I recently had some spare time to think about the RTTY receiver/decoder I would like to implement. My inital attempt for recovering the FSK bits from an input FSK sample stream was to perform a DFT with window's length roughly equal to the bit burst time of the transmitter. This approach however seems to be extremely inefficient, as the brute force DFT loop I had was too slow. In addition some sort of periodic synchronization is required, as otherwise a single sample mismatch between the input stream and the DFT window would lead to dis-synchronization and potentially wrongly recovered stream bits.
The FFT-based idea above also seems impractical for real applications where we have burst time mismatch and noise. Instead of going forward in the f-domain, one can easily try to filter out specific frequencies and then try to correlate and compare both for the bit recovery. Here is a picture of my receiver implementation thoughts. Apparently this has been a quite common approach in the old QPSK dial-up modem chips.

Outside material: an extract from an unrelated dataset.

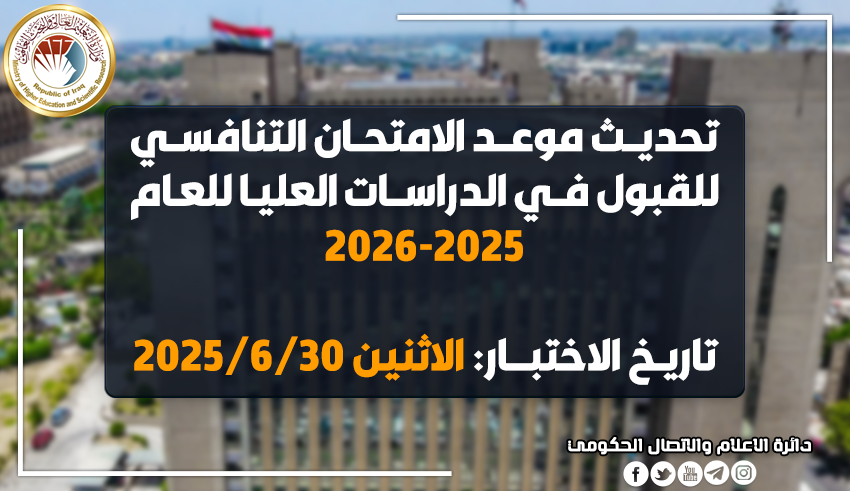 تحديد الاثنين الموافق 2025/6/30 موعدا جديدا للامتحان التنافسي للقبول في الدراسات العليا

Now I have a plan for my spare time in the future... one bright and lucky day:
1. Implement a function with single pole LP and HP filters in series.
2. Implement a power/summation/LPF function with zero cross detection.
3. A self-syncing bit-recovery block function.
4. A look-up table translation function.
5. Test all above with a real FSK stream (recorded from a radio transmission /w noise)
6. Glue the TX and RX functions together in a more functional form.
Come to think of it, all this starts to more and more look like a Lab 0 task of a typical Signals and systems course. Well, bar the fact that I am trying to write this in C to avoid cathing rust.